Exercise materials Block Start

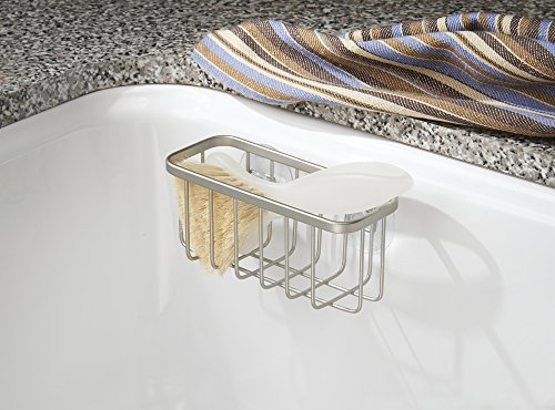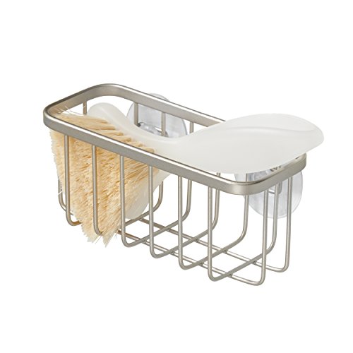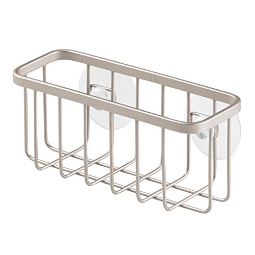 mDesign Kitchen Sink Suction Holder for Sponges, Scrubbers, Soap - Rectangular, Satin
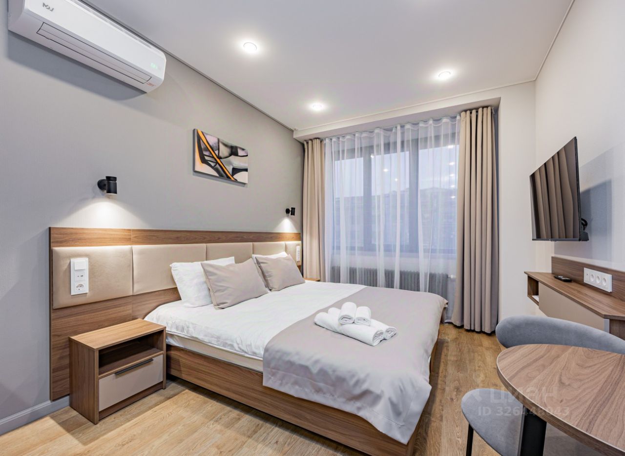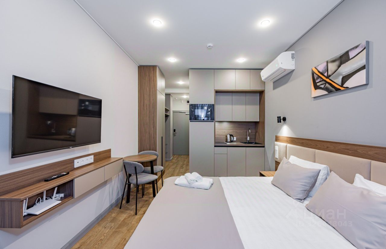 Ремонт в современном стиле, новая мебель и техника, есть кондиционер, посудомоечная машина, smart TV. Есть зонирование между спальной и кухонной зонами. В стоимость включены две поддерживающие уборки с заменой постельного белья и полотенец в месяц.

Exercise materials Block End
Exercise materials Block Start

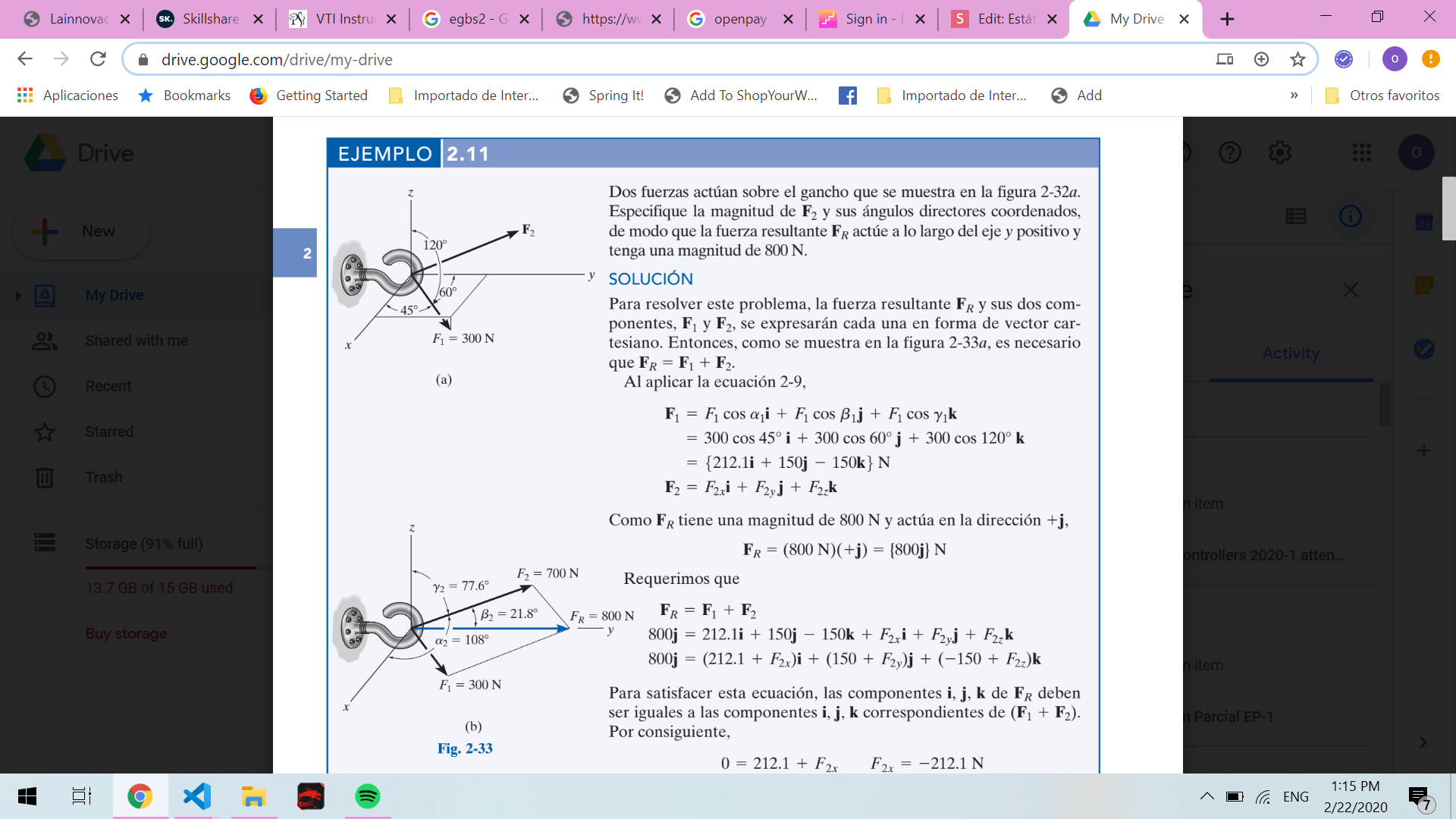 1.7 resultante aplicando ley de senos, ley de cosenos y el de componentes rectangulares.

Exercise materials Block End

> [Directions for this task]:
Above are the records; restate exactly the lines from the one containing "mDesign Kitchen Sink" through the one containing "Ремонт в современном", keeping pictures out.

> [Written solution]:
 mDesign Kitchen Sink Suction Holder for Sponges, Scrubbers, Soap - Rectangular, Satin
 Ремонт в современном стиле, новая мебель и техника, есть кондиционер, посудомоечная машина, smart TV. Есть зонирование между спальной и кухонной зонами. В стоимость включены две поддерживающие уборки с заменой постельного белья и полотенец в месяц.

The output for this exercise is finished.